* **MATERIAL FOR THE TASK**:
= Beginning of Section =

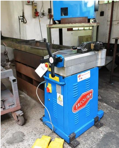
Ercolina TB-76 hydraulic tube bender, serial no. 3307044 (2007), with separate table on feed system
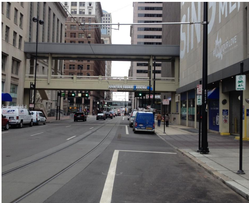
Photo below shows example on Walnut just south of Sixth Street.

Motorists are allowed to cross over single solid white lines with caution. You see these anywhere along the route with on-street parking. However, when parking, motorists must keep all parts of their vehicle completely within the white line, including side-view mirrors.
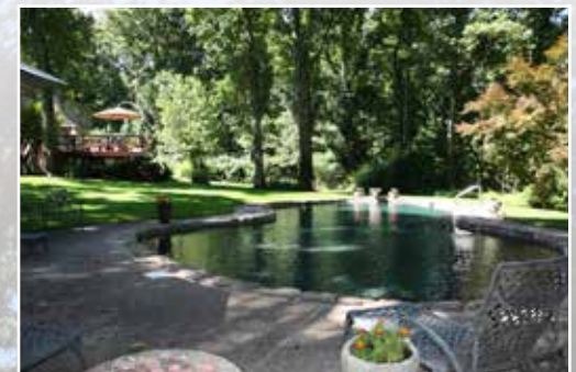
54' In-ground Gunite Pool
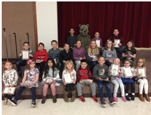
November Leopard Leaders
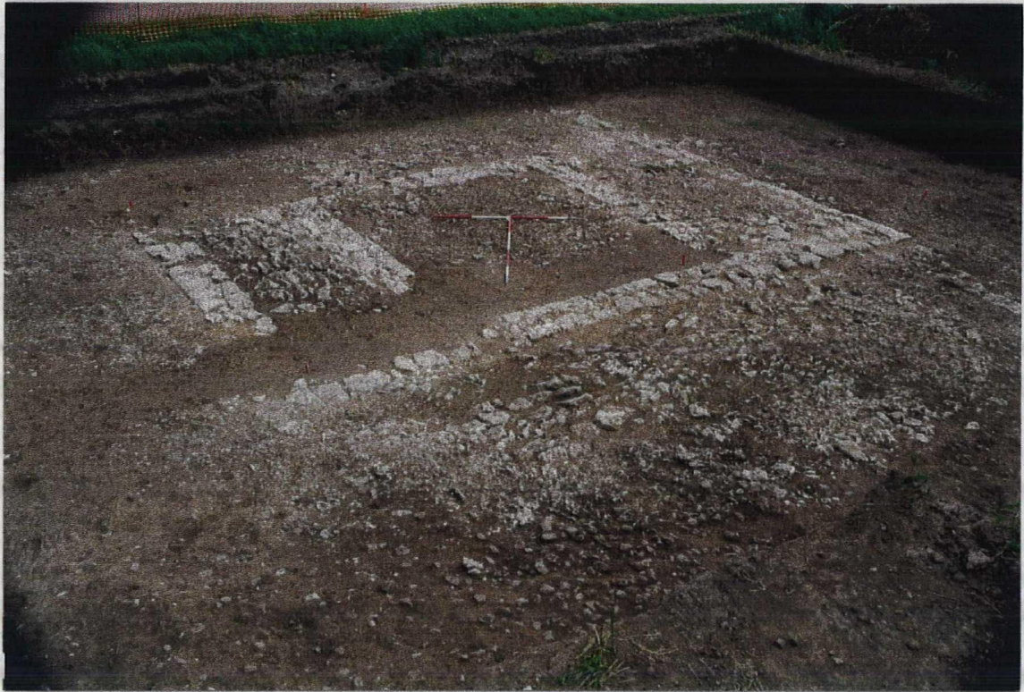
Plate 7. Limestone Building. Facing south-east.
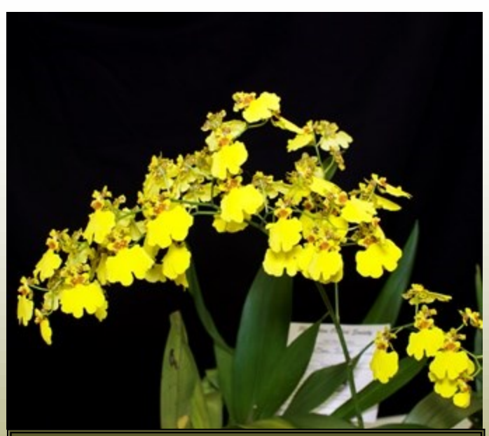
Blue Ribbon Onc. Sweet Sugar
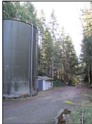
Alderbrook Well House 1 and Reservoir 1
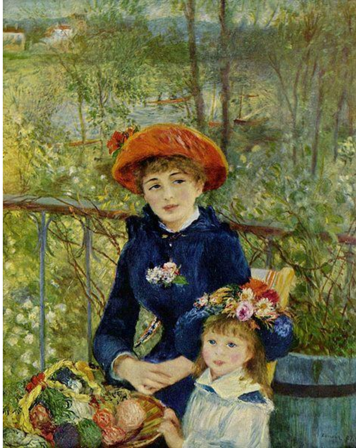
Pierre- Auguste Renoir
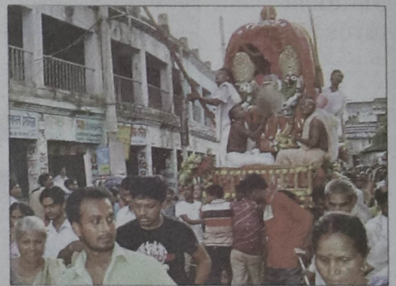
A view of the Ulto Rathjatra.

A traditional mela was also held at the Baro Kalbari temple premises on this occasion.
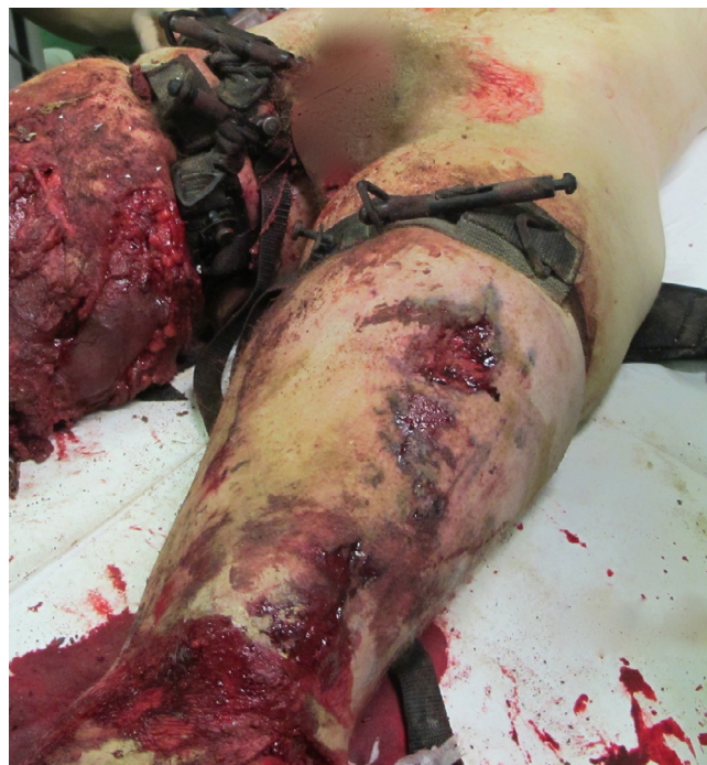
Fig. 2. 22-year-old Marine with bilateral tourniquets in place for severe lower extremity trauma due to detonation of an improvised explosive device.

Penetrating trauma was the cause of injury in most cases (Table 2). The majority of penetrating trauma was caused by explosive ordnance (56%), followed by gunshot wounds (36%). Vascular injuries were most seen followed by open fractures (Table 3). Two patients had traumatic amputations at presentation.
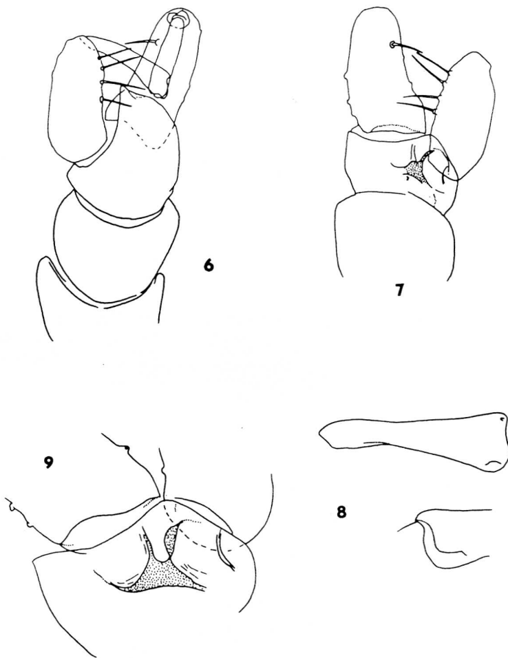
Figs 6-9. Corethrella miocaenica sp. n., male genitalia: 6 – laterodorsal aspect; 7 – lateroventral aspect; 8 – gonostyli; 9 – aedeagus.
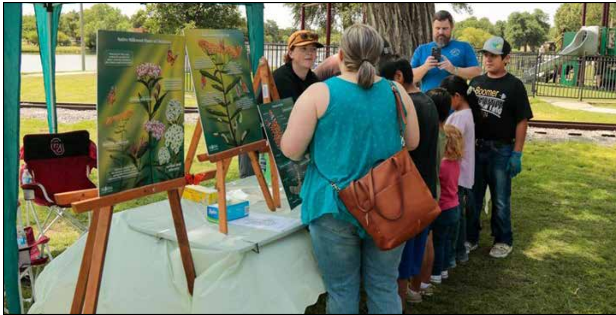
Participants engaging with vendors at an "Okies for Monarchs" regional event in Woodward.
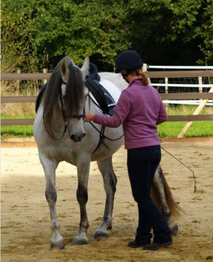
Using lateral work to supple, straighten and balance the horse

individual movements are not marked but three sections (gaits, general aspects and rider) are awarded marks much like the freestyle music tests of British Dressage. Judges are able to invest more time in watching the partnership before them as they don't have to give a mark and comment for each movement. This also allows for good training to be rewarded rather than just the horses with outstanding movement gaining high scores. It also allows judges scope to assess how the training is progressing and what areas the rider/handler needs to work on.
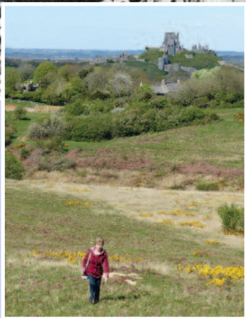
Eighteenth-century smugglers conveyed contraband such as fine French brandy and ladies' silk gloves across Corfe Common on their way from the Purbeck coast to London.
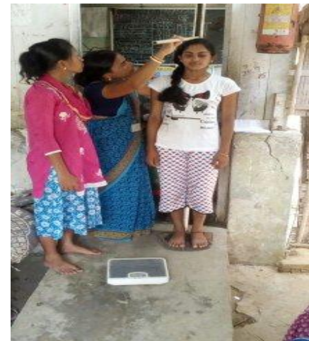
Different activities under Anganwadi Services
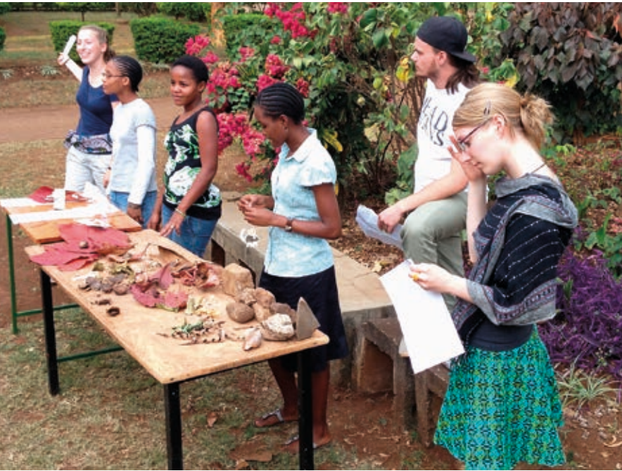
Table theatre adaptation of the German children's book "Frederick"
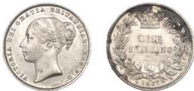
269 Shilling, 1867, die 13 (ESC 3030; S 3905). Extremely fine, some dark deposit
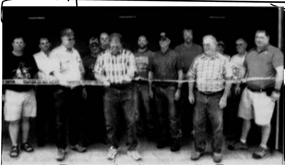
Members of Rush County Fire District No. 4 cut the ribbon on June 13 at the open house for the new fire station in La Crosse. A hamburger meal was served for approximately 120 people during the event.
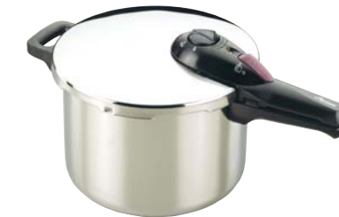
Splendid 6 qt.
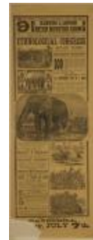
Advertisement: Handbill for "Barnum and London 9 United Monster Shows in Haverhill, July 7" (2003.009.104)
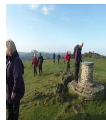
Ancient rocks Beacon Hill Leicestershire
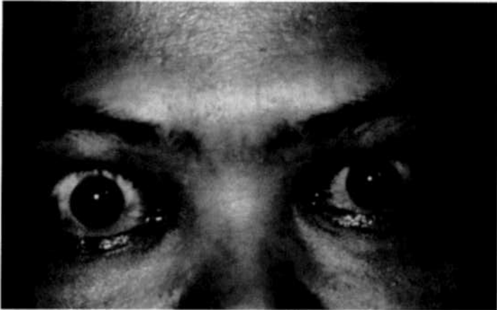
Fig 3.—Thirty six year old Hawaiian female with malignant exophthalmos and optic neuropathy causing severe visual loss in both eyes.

= End of Section =

* **PROBLEM DESCRIPTION**:
Output the entries verbatim, skipping images.

* **REPLY**:
Ercolina TB-76 hydraulic tube bender, serial no. 3307044 (2007), with separate table on feed system
Photo below shows example on Walnut just south of Sixth Street.

Motorists are allowed to cross over single solid white lines with caution. You see these anywhere along the route with on-street parking. However, when parking, motorists must keep all parts of their vehicle completely within the white line, including side-view mirrors.
54' In-ground Gunite Pool
November Leopard Leaders
Plate 7. Limestone Building. Facing south-east.
Blue Ribbon Onc. Sweet Sugar
Alderbrook Well House 1 and Reservoir 1
Pierre- Auguste Renoir
A view of the Ulto Rathjatra.

A traditional mela was also held at the Baro Kalbari temple premises on this occasion.
Fig. 2. 22-year-old Marine with bilateral tourniquets in place for severe lower extremity trauma due to detonation of an improvised explosive device.

Penetrating trauma was the cause of injury in most cases (Table 2). The majority of penetrating trauma was caused by explosive ordnance (56%), followed by gunshot wounds (36%). Vascular injuries were most seen followed by open fractures (Table 3). Two patients had traumatic amputations at presentation.
Figs 6-9. Corethrella miocaenica sp. n., male genitalia: 6 – laterodorsal aspect; 7 – lateroventral aspect; 8 – gonostyli; 9 – aedeagus.
Participants engaging with vendors at an "Okies for Monarchs" regional event in Woodward.
Using lateral work to supple, straighten and balance the horse

individual movements are not marked but three sections (gaits, general aspects and rider) are awarded marks much like the freestyle music tests of British Dressage. Judges are able to invest more time in watching the partnership before them as they don't have to give a mark and comment for each movement. This also allows for good training to be rewarded rather than just the horses with outstanding movement gaining high scores. It also allows judges scope to assess how the training is progressing and what areas the rider/handler needs to work on.
Eighteenth-century smugglers conveyed contraband such as fine French brandy and ladies' silk gloves across Corfe Common on their way from the Purbeck coast to London.
Different activities under Anganwadi Services
Table theatre adaptation of the German children's book "Frederick"
269 Shilling, 1867, die 13 (ESC 3030; S 3905). Extremely fine, some dark deposit
Members of Rush County Fire District No. 4 cut the ribbon on June 13 at the open house for the new fire station in La Crosse. A hamburger meal was served for approximately 120 people during the event.
Splendid 6 qt.
Advertisement: Handbill for "Barnum and London 9 United Monster Shows in Haverhill, July 7" (2003.009.104)
Ancient rocks Beacon Hill Leicestershire
Fig 3.—Thirty six year old Hawaiian female with malignant exophthalmos and optic neuropathy causing severe visual loss in both eyes.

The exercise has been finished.